ECLI:NL:OGEAA:2017:581
Gerecht in Eerste Aanleg van Aruba
- Eerste aanleg - enkelvoudig
- Rechtspraak.nl
Beroep tegen het uitblijven van een beslissing op bezwaar inzake verblijfsvergunning
In deze zaak heeft appellante op 29 oktober 2015 bezwaar gemaakt tegen de afwijzende beschikking van de minister van Ruimtelijke Ontwikkeling, Infrastructuur en Integratie van 18 september 2015, betreffende haar verzoek om een verblijfsvergunning voor onbepaalde tijd. Tegen het uitblijven van een beslissing op het bezwaar heeft appellante op 23 februari 2016 beroep ingesteld, geregistreerd onder LAR nr. 361 van 2016. De minister verklaarde het bezwaar op 5 februari 2016 niet-ontvankelijk wegens termijnoverschrijding, waarop appellante op 17 maart 2016 beroep instelde, geregistreerd onder LAR nr. 591 van 2016. De zitting vond plaats op 22 augustus 2016, waar beide partijen vertegenwoordigd waren door hun gemachtigden.

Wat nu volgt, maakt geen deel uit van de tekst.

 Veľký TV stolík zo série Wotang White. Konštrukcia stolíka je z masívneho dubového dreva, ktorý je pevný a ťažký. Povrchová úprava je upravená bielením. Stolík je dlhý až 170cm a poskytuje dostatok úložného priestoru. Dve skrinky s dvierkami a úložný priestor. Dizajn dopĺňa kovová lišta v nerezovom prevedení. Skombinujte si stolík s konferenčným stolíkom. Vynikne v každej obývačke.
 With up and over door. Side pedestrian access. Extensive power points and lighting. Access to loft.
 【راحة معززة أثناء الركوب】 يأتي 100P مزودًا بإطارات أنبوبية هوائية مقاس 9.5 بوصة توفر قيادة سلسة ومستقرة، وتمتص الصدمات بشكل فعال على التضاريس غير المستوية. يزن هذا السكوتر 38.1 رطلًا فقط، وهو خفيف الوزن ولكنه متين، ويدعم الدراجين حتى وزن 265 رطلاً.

De rechter heeft vastgesteld dat de minister zijn beschikking van 5 februari 2016 heeft ingetrokken, omdat het bezwaarschrift tijdig was ingediend. Hierdoor had appellante geen belang meer bij de beoordeling van haar beroep tegen deze beschikking, wat leidde tot de niet-ontvankelijkverklaring van dat beroep. De intrekking van de beschikking van 5 februari 2016 betekent echter dat er nog steeds geen beslissing is genomen op het bezwaar tegen de primaire beschikking van 18 september 2015. Het beroep tegen het uitblijven van die beslissing is gegrond verklaard, en de fictieve afwijzende beschikking op het bezwaar is vernietigd. De minister is opgedragen om binnen drie maanden na de uitspraak alsnog een reële beslissing te nemen op het bezwaar van appellante.

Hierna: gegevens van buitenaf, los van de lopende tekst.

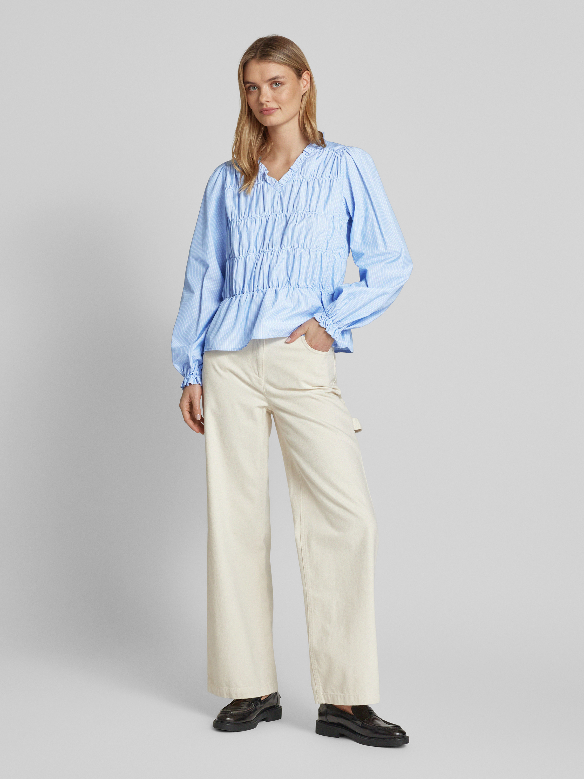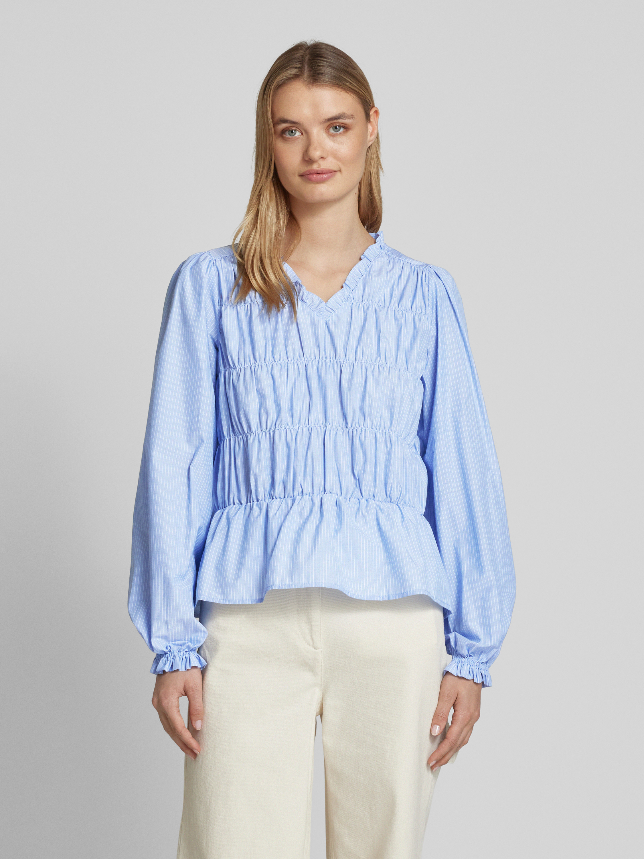 Bluzka o kroju regular fit z dekoltem w serek model ‘ONARI’ - jasnoniebieski
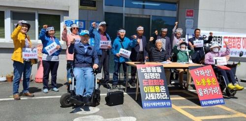 ◇홍천군지체장애인협회는 지난 24일 협회 사무실 앞에서 기자회견을 열고 도협회의 신임 지회장 임명을 철회하라는 성명을 발표했다.
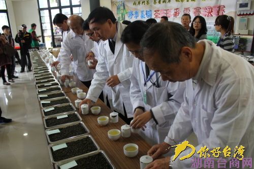 “斗茶”比赛经两岸6名茶茶业专家评审(大陆和台湾各3人),几名评茶师站成一排,端起面前的茶杯,闻了闻,用嘴抿了一口杯中茶,若有所得,然后将茶吐到小碗中,接着又端起下一个茶杯……如此循环进行,在评茶师尝过200多个茶样后,新晋“茶王”诞生了。
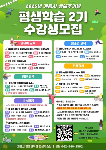 계룡시, 2025년 2기 평생학습 프로그램 수강생 모집

De rechter heeft ook de proceskosten van de procedure begroot op Afl. 1.000,-- aan gemachtigdensalaris en gelast dat het door appellante gestorte griffierecht van Afl. 25,-- aan haar wordt terugbetaald. De uitspraak werd gedaan door mr. W.C.E. Winfield op 3 juli 2017, en er staat hoger beroep open bij het Hof.